The practice of homeopathy in South Africa requires medical training as prerequisite. Two routes thus exist for entrance into homeopathy, either via the medically based homeopathic master's degree course (MTech-Hom) or once a medical practitioner is registered for independent practice, by way of the Post Graduate Diploma in Homeopathy offered by the South African Faculty of Homoeopathy (SAFH). Medical practitioners may register as homeopathic practitioners only after successful completion of the post graduate diploma. Once registered, homeopathic practitioners may do the prescribed Compounding and Dispensing course through the University of Pretoria and thereafter apply for a License to Compound and Dispense Homeopathic Medicine from the National Department of Health.
22C. Licensing

(1) Subject to the provisions of this section-

(a) the Director-General may on application in the prescribed manner and on payment of the prescribed fee issue to a medical practitioner, dentist, practitioner, nurse or other person registered under the Health Professions Act, 1974, a licence to compound and dispense medicines, on the prescribed conditions;

(5) No person shall compound or dispense a medicine unless he or she is authorised thereto in terms of the Pharmacy Act, 1974, is a veterinarian or is the holder of a licence as contemplated in subsection(1)(a).

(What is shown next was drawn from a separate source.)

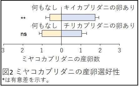 ミヤコカブリダニに、ミカンキイロアザミウマを餌として与え、キイカブリダニの卵のある場所とない場所を与えると、卵のある場所に好んで産卵します。ところが、卵を保護する習性のないチリカブリダニの卵のある場所とない場所を与えると、どちらかを区別することなく産卵します(図2)。これは、ミヤコカブリダニがキイカブリダニの卵を認識したうえで、意図的に産卵する場所を選んでいることを意味します。

The Medicines Control Council was set up in 1965, and it put all types of medicine under the same standards. It was replaced in 1998 by the South African Medicines and Medical Devices Regulatory Authority, which placed separate procedures for registering regular and alternative medicines, in order to regulate them better.

===Nigeria===
Both medically qualified practitioners and lay persons can practice homeopathy, with the Congress of Homoeopathic Medicine Practitioners having 30 medical doctors on its register in 2005. The All-Nigeria Homeopathic Medical Organization was founded in 1961, and the first homeopathic practitioner, I. Okogeri, began practice the following year. The Nigerian College of Homoeopathic Medicine, founded in 1972, is recognised by the government of the East Central State. The Nigerian Institute of Homeopathy has special consultative status with the United Nations Department of Economic and Social Affairs.